Thursday, October 11, 2012

October Meeting (Cyborg Theory)


"Cyborg Manifesto"
by Donna Haraway
&
"The Computer Reprograms Me"
Michael Chorost

The second meeting of MATCH centered around what was dubbed "Cyborg Theory" inspired by a lecture and workshop advertised over the summer around Michael Chorost's recent books Rebuilt & World Wide Mind. Leigha McReynolds and Erin Vander Wall lead the discussion, including an excerpt from Chorost's first book and Donna Haraway's foundational essay, "the Cyborg Manifesto." 

The conversation functioned across a variety of interlocking topics. On one level, all members were interested and comfortable with the invitation to think along with "Post-Humanism" to imagining bodies (including the human body) not as a discrete subject, but as an array of changing, exchanging, and permeable systems of objects (which may possess different degrees of subjectivity). On a second level, we parsed Chorost's attempts to draw strict distinctions between things such as Cyborgs, Androids, Robots, and Humans. We developed our own working understanding of the terms (apart from Chorost) but generally agreed that such beings in life and literature often seen to cross or straddle these categories despite our attempts to pin them down. On a third level, we contemplated Chrosost's attitudes towards gender, sexuality, and disability which appeared strikingly to work hard to assert hierarchical and defined differences in bodies, despite his concentration on how his own body and identity is deconstructed by his hearing-aid; this attitude was then compared with Haraway's proposals for an inter-penetrating material feminism.

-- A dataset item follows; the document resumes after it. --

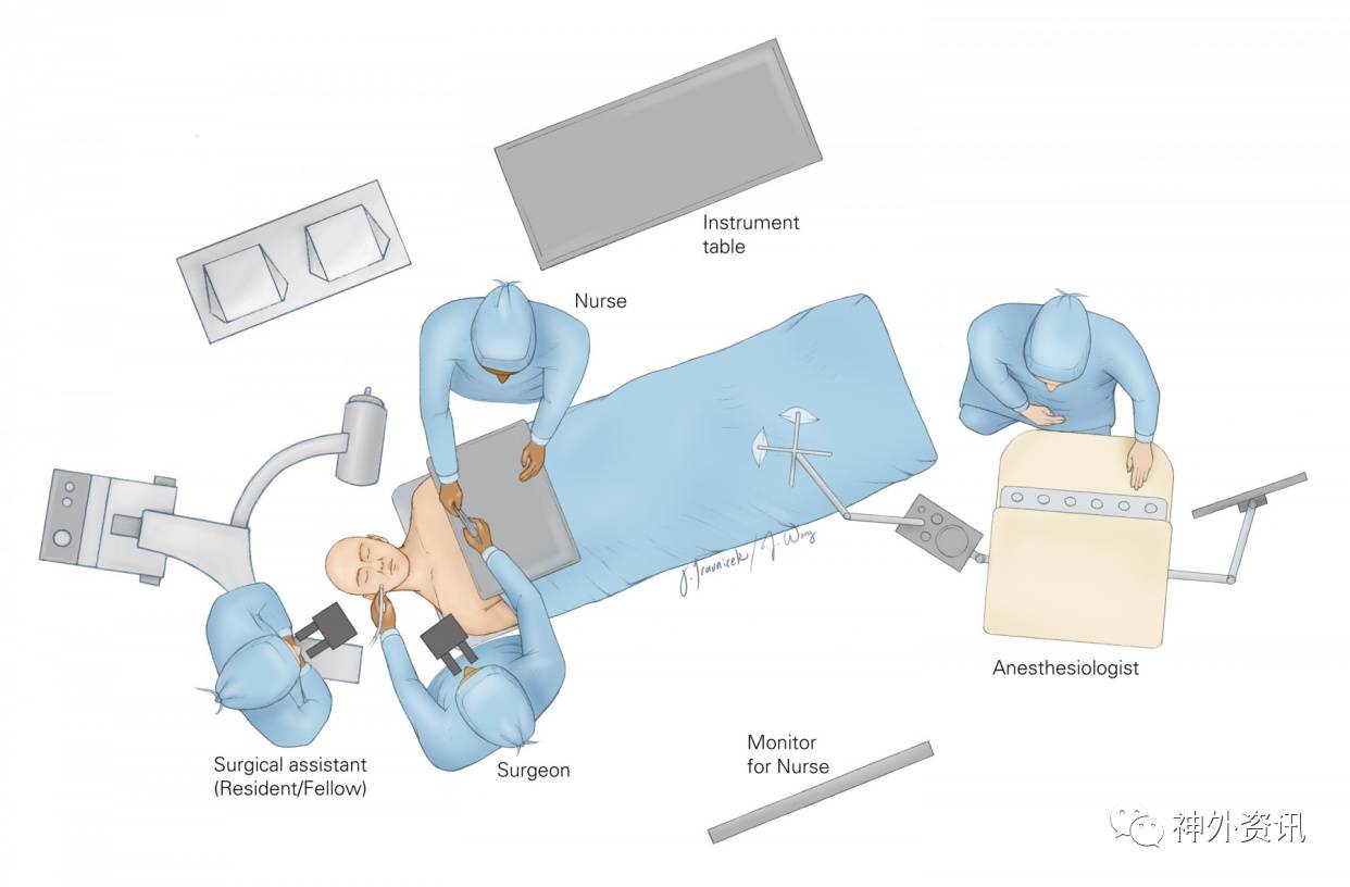 图10. 右利手外科医师从患者右侧进行手术,患者头部稍向对侧倾斜,以利于术者能够获得鞍底直视视角,且患者的肩膀不会妨碍操作。

Thursday, September 13, 2012

September Meeting (Low Theory)


The Queer Art of Failure
by J. Jack Halberstam

As the inaugural meeting of MATCH (Mobilizing an Active Theory Community in the Humanities) it is perhaps pointed that we began by reading the chapter on "Low Theory" from J. Jack Halberstam's book the Queer Art of Failure. There was the added benefit to all that Halberstam would be joining George Washington on a week-long residency, coinciding with the release of his new book GaGa Feminism. This gave us all a chance to familiarize ourselves with his work before his visit.

Attention circulated around the invitation to make what we read, write, and discuss personal and not to be afraid to fail in the process. Critiques were levied however around the difficulties that the open risk-taking and counter establishment methodologies called for by Halberstam have for those in vulnerably positions within the academy, especially graduate students. Embracing failure and snubbing the ivory tower may be all and well for a professor well tenured and secure in public opinion, but may be the death-blow for those that are just trying to break into the field. All in all, however, the book's invitation and lively style was exciting and we certainly took the invitation to be open and radical to heart, at very least in communities such as MATCH were we can be more free to fail. This is not a working group for masters, but peers, who are willing to take on such fellowship, wherever their current profession, station, or discipline.